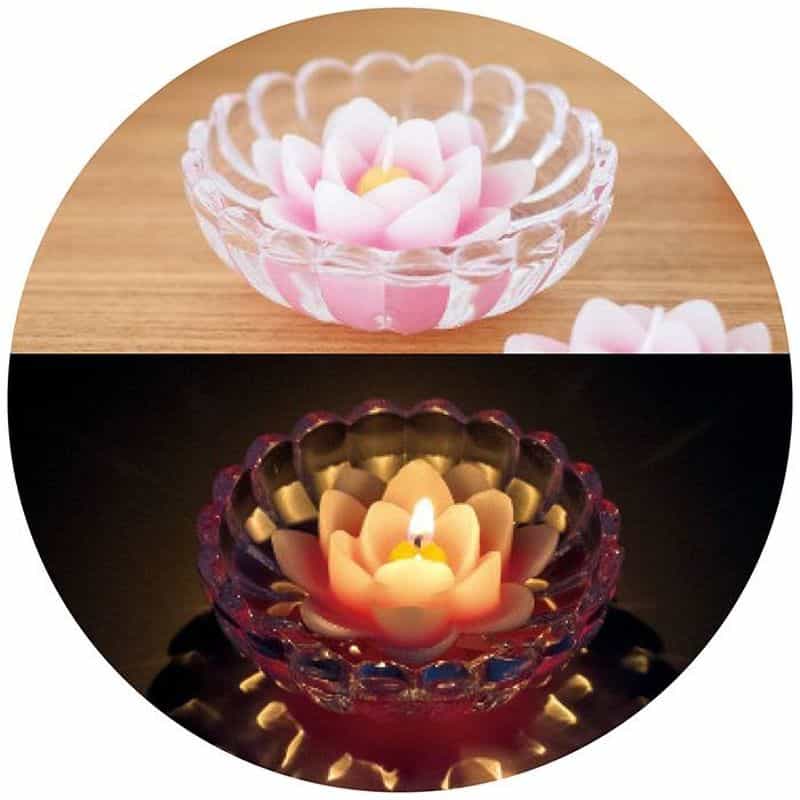 「祈る心」をお伝えしたいけれど、相手に気を使わせたくないという方から選ばれる紙箱のご進物。清らな哀しみを表現した色使いと繊細な蓮のローソクが美しく、白檀を基調としたフローラルの香りのお線香(煙少香)が、贈られる方をやさしく包み込みます。蓮のローソクは職人手作りのフローティングキャンドル。付属のガラス燭台に水を入れて浮かべると、ローソクの灯火がゆらゆらと揺れて見る方の心を癒します。
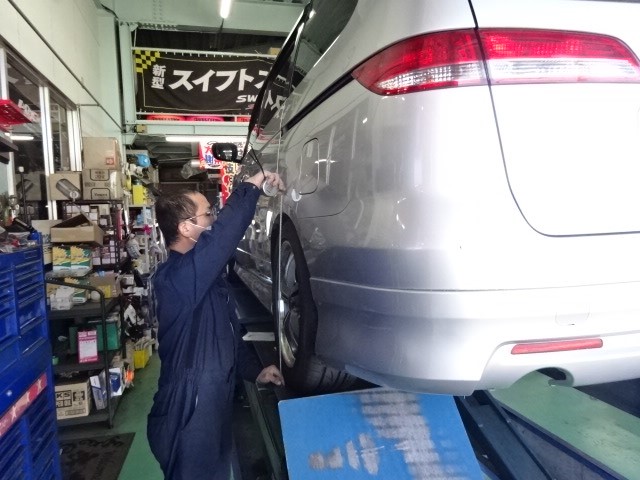 エリシオンのお客様、車検でショックアブソーバーのオイル漏れ発覚
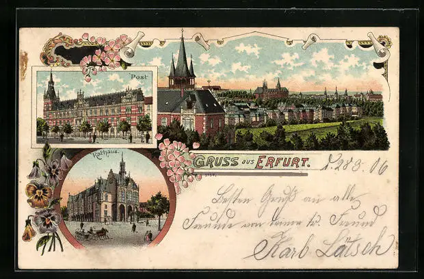 Lithographie Erfurt, Teilansicht, Post, Rathaus
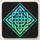 Um conjunto de portas copos de plástico duro com rolha para trás com uma design azul-esverdeada do nó celta contra um fundo preto.
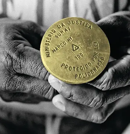 Foto: Marco de bronze do Ministério da Justiça usado na demarcação física das terras indígenas da região do Rio Negro, o mais extenso e contínuo bloco de terras indígenas reconhecido oficialmente em faixa de fronteira na Amazônia brasileira. Crédito: Pedro Martinelli / ISA.
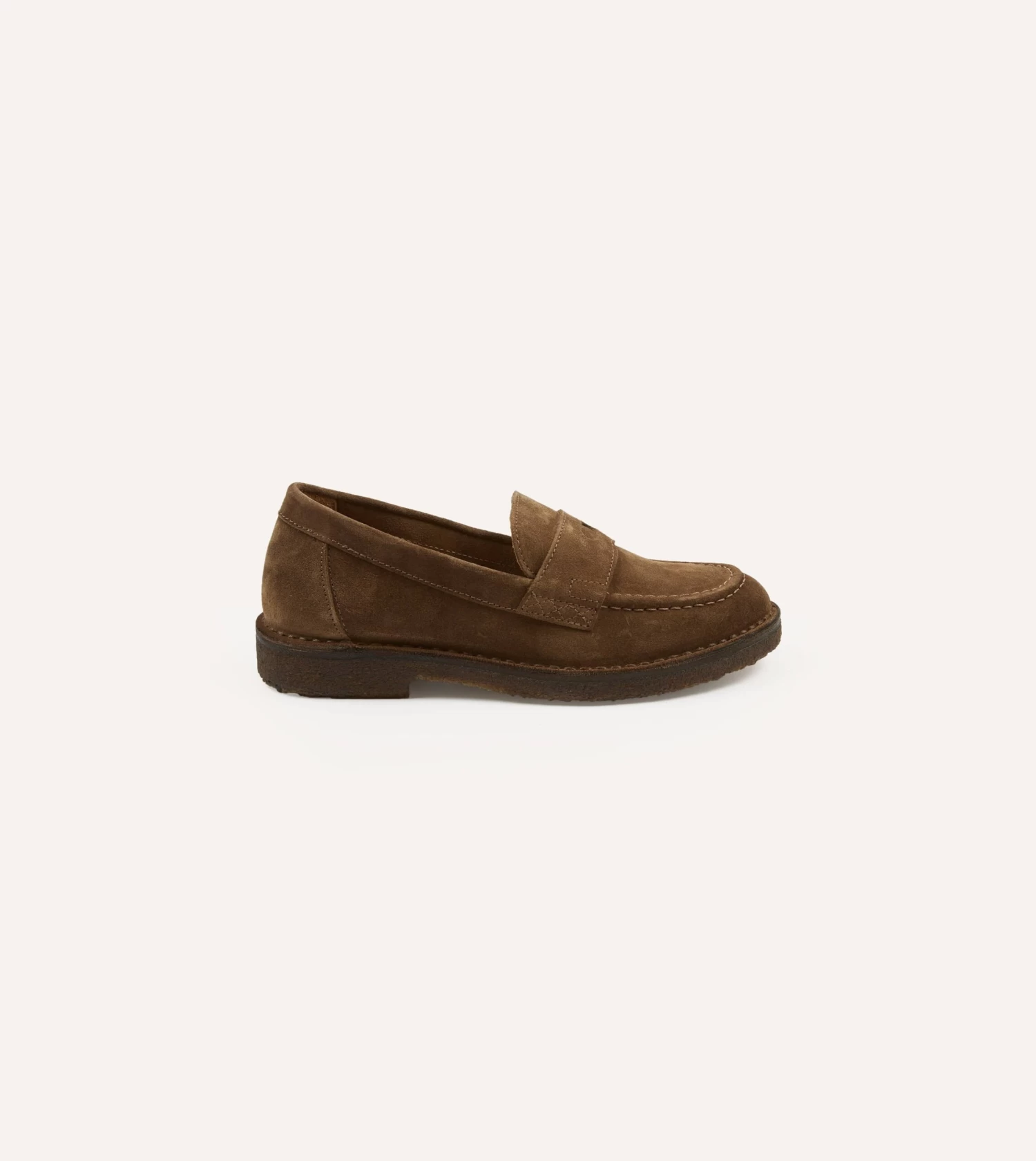 Designed to compliment our soft tailoring, the Canal takes the sensibilities of the classic penny loafer design (sans-beefroll), and adds rugged versatility in the form of a moccasin-style stitching around the vamp, a hardy rubber crepe sole, and a unique elliptic slot in the saddle strap.
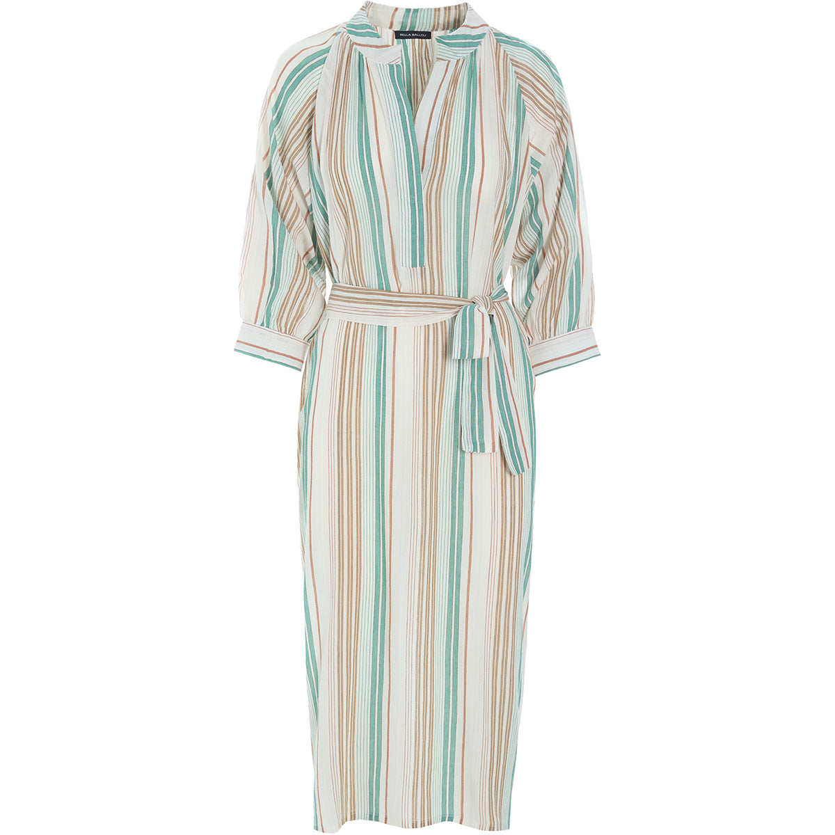 Kaftan dress with placket closure and hidden buttons, Mandarin collar and loose belt in a soft yarn-dyed viscose.
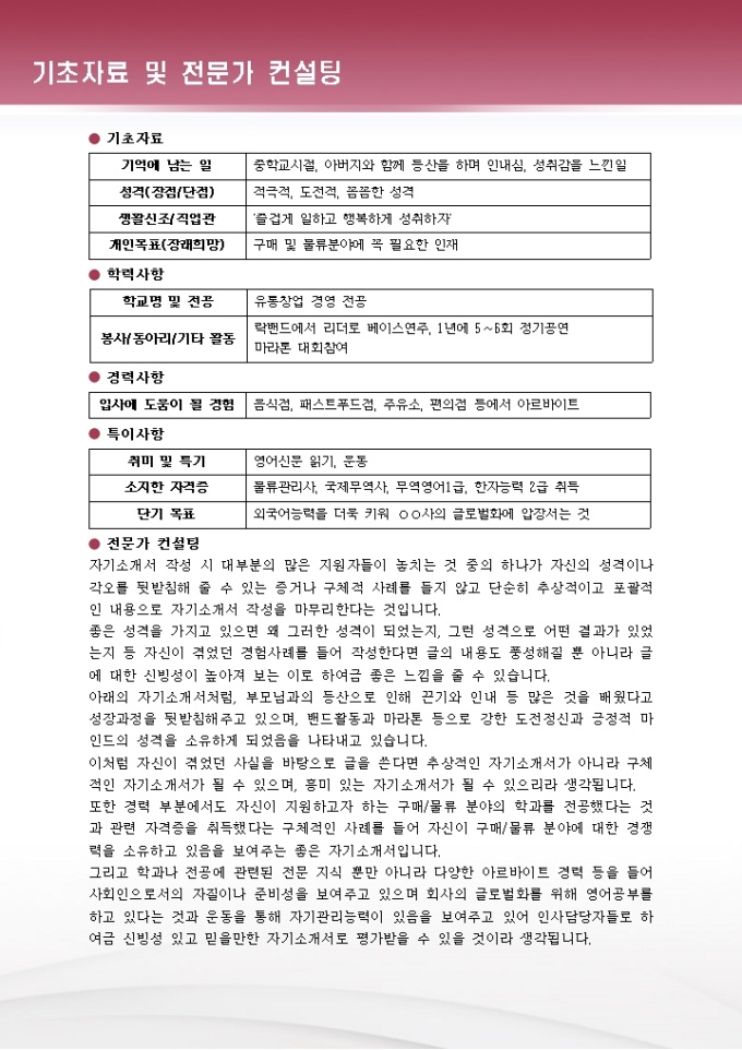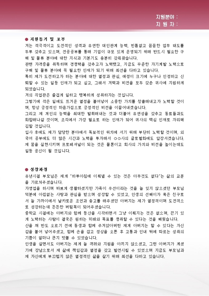구매,물류 자기소개서
════════════════════
[TASK OBJECTIVE]
Leave the pictures out, and retype exactly the lines from the one containing "Foto: Marco de" through the last line of the entries above, both included.

[ANSWER TO THIS EXERCISE]
 Foto: Marco de bronze do Ministério da Justiça usado na demarcação física das terras indígenas da região do Rio Negro, o mais extenso e contínuo bloco de terras indígenas reconhecido oficialmente em faixa de fronteira na Amazônia brasileira. Crédito: Pedro Martinelli / ISA.
 Designed to compliment our soft tailoring, the Canal takes the sensibilities of the classic penny loafer design (sans-beefroll), and adds rugged versatility in the form of a moccasin-style stitching around the vamp, a hardy rubber crepe sole, and a unique elliptic slot in the saddle strap.
 Kaftan dress with placket closure and hidden buttons, Mandarin collar and loose belt in a soft yarn-dyed viscose.
구매,물류 자기소개서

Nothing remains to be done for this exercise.